Johnson, Brown’s plumber, told The News Tribune he was also discouraged by the lack of “clear communication in a timely manner” throughout the permitting process for the Buddy’s Chicken and Waffles project.
“It’s hard on all of us. There are so many plumbing outfits that do things unpermitted. We’re trying to do it the right way, on the books. Now I understand why others don’t,” he said. “When they change the plans, we have to change our bid. The owner says I only have this much. We all lose, and they just go, ‘Too bad.’”
PERMITTING CAN BE ‘COMPLEX,’ CITY SAYS
Asked about the delay in Buddy’s approval, city spokesperson Linda Robson told The News Tribune that “there were significant delays in completing the review because permitting staff found the original application in January was missing some important technical information about the project, and the review could not proceed without it.”
Philip Kao, manager of the city’s permit services division, or PSD, echoed Rasmussen and Madison’s sentiment that the process is complicated, and hiring a professional to manage these kinds of projects might, in the long run, save entrepreneurs time and money.
“We understand that most small business owners wear many hats and perform a multitude of jobs to get their business off the ground,” he wrote in a statement. “But we also realize that permitting can be very complex and technical, and many of our small business owners aren’t familiar with our process.”
He pointed to a tip sheet for opening a restaurant in the city permit portal and said the city’s Planning and Development Services team offers free consultations to navigate finding a properly zoned and equipped location.
“Our team works with owners to help them navigate through the permitting process and will, in some cases, go out to their business location to have them show us firsthand what they are trying to do,” he said. “Our goal is to make their permitting experience as quick and easy as possible so they can open their storefront.”
The almost three months Brown waited for approval “is a long time for something that should be this simple,” according to Madison. “What would’ve helped him immensely is if he had an advocate that understood the permitting process or a designer who understood the permitting process.”
WILL BUDDY’S BE ABLE TO OPEN SOON?
Despite receiving conditional approval from the Tacoma-Pierce County Health Department just before Christmas, Buddy’s Chicken and Waffles remains in limbo. Instead of opening in mid-February as anticipated, he has twice requested $434 temporary three-week permits to serve from the sidewalk tent.

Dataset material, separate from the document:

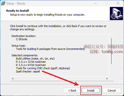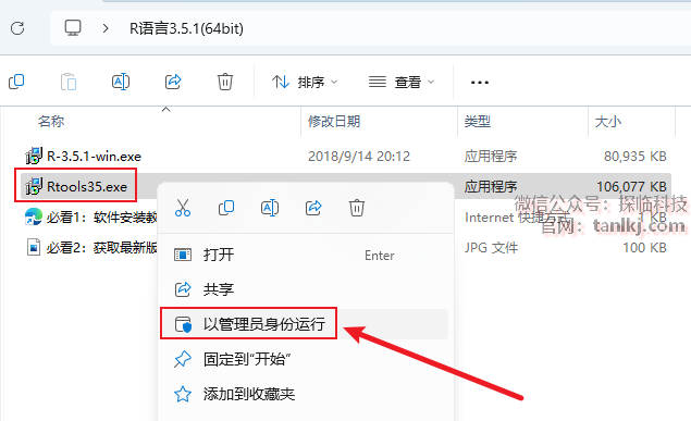 打开之前解压后的文件夹,右键程序【Rtools35】,点击【以管理员身份运行】。

Equipped with just two waffle irons and a single deep-fryer, he and his team can only handle so much volume. Using this setup March 20-24, said Brown, they still managed to double their last highest sales week. Had he been able to serve from the full kitchen inside the restaurant, he estimates they would have managed at least $250,000 in sales in the past four to six weeks.
“I know that number would be even higher if we were in full operation,” he said.
With the plumbing permit finally in hand, Johnson will get to work. Then Brown will need approval from Madison and Rasmussen, followed by a final sign-off from the health department.
“I moved here without a plan to open a restaurant,” said the Baltimore native who joined family in Tacoma in 2020. “Once that light bulb went off, I knew there was nothing or anything that could take me off that path. I saw a vision for this thing, but I know tons of people who would have thrown in the towel.”